How Can a Female Have an X-Linked Disease?
How Can a Female Have an X-Linked Disease?
ABSTRACT & COMMENTARY
Synopsis: A female presented with clinical and genetic features of the Wiskott-Aldrich Syndrome, which is usually transmitted as an X-linked genetic trait. Genetic studies showed that this female was heterozygous for the W-A gene but had non-random inactivation of her X chromosomes due to a second mutation.
Source: Parolini O, X-linked Wiskott-Aldrich Syndrome in a girl. N Engl J Med 1998;338:291-295.
The wiskott-aldrich (w-a) syndrome is a rare genetic disorder characterized by thrombocytopenia, eczema, and immunologic abnormalities. The disease is caused by mutations on the X chromosome that are responsible for the synthesis of the Wiskott-Aldrich protein (WASP). Female carriers of X-linked disorders usually have no clinical symptoms because random inactivation of their X chromosomes (lyonization) leads to a roughly 50/50 mixture of cells with normal or abnormal X chromosomes. In W-A Syndrome, after lyonization, there is a positive selection for hematopoietic cells that contain the normal gene, so the descendent lymphoid and hematopoietic cells are normal.

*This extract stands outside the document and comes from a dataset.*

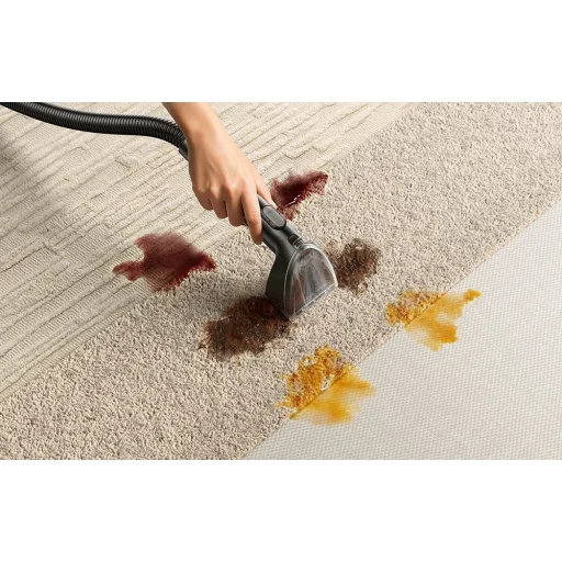 Az alkalmazott motor 17 000 Pa szívóteljesítményével könnyedén eltávolítja a mélyen beágyazódott szennyeződéseket és port a szövetekről, szőnyegekről vagy a bútorok kárpitjáról. A nyomás alatt álló gőzsugár felbontja a szennyeződést, az erőteljes szívóerő pedig azonnal elszállítja azt, megakadályozva, hogy újra behatoljon a szövetbe. Az eredmény tökéletesen tiszta, felfrissült és szinte száraz felületek csíkok és foltok nélkül.

The patient described by Parolini and associates had the onset of thrombocytopenia, repeated infections, and eczema in early life. Extensive study of this girl and her parents revealed two genetic mutations that resulted in her manifesting the disease. The first was a spontaneous mutation in the X-chromosome of the father. This was a missense mutation in the WASP gene. A second mutation was detected in the mother that caused non-random inactivation of lyonization so that a majority of the hematopoietic cells carried the father's mutant WASP gene.

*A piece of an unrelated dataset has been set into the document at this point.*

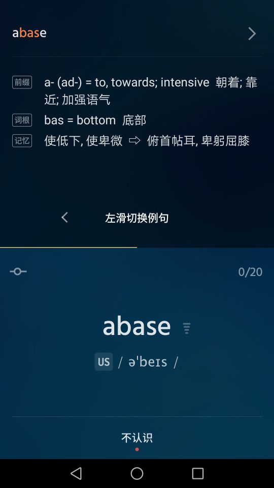 百詞斬 不背單詞:單詞連續(xù)4次選擇“認識”才算完成記憶,否則重新開始累積;有拼寫測試,就是在手機上默寫一遍以便加深記憶;20個單詞為一組進行學(xué)習(xí)和回顧。主流背單詞軟件,沒啥說的。

This report should alert clinicians to the possibility of recessive X-linked diseases in female children. The pattern of X-chromosome inactivation can be identified.
COMMENT BY MARGRETTA SEASHORE, MD, FAAP
There are a number of mechanisms that may be involved in the appearance of diseases thought to be X-linked recessive in females.1 In some instances, this is a result of mutations in autosomal chromosomes, which have the same clinical effects as a mutant gene on the X chromosome. This appears to be the basis of many cases of autosomally transmitted chronic granulomatous disease.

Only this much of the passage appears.